Phil Vandersea

No. 37, 38, 83, 46
- Positions: Linebacker, defensive end

Personal information
- Born: February 25, 1943 (age 83) Whitinsville, Massachusetts, U.S.
- Listed height: 6 ft 3 in (1.91 m)
- Listed weight: 245 lb (111 kg)

Career information
- High school: Northbridge (Whitinsville)
- College: Massachusetts (1962–1965)
- NFL draft: 1965 (16th round, 220th overall pick)
- AFL draft: 1965 (Red Shirt 9th round, 66th overall pick)

Career history
- Green Bay Packers (1966); New Orleans Saints (1967); Green Bay Packers (1968–1969); Montreal Alouettes (1972);

Awards and highlights
- Super Bowl champion (1966); NFL champion (1966);

Career NFL statistics
- Return yards: 71
- Stats at Pro Football Reference

= Phil Vandersea =

American football player (born 1943)

Phillip John Vandersea (born February 25, 1943) is an American former professional football player.

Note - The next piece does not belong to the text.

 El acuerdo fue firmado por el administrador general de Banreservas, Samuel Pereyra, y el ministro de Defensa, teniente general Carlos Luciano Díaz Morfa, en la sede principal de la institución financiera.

He was born in Whitinsville, Massachusetts. After graduating from high school in Northbridge, Massachusetts, Vandersea played football for the University of Massachusetts Amherst, weighing in at 245 pounds and standing 6'3" tall. He played linebacker and defensive end.

Vandersea was selected by the Green Bay Packers in the 16th round (220th overall) of the 1965 NFL draft and played for the 1965 NFL champion Packers in 1966, and also the 1968 and 1969 seasons. While playing for the Packers, he wore jersey number 37. Vandersea spent the 1967 season with the New Orleans Saints. He played in 46 career games in the NFL.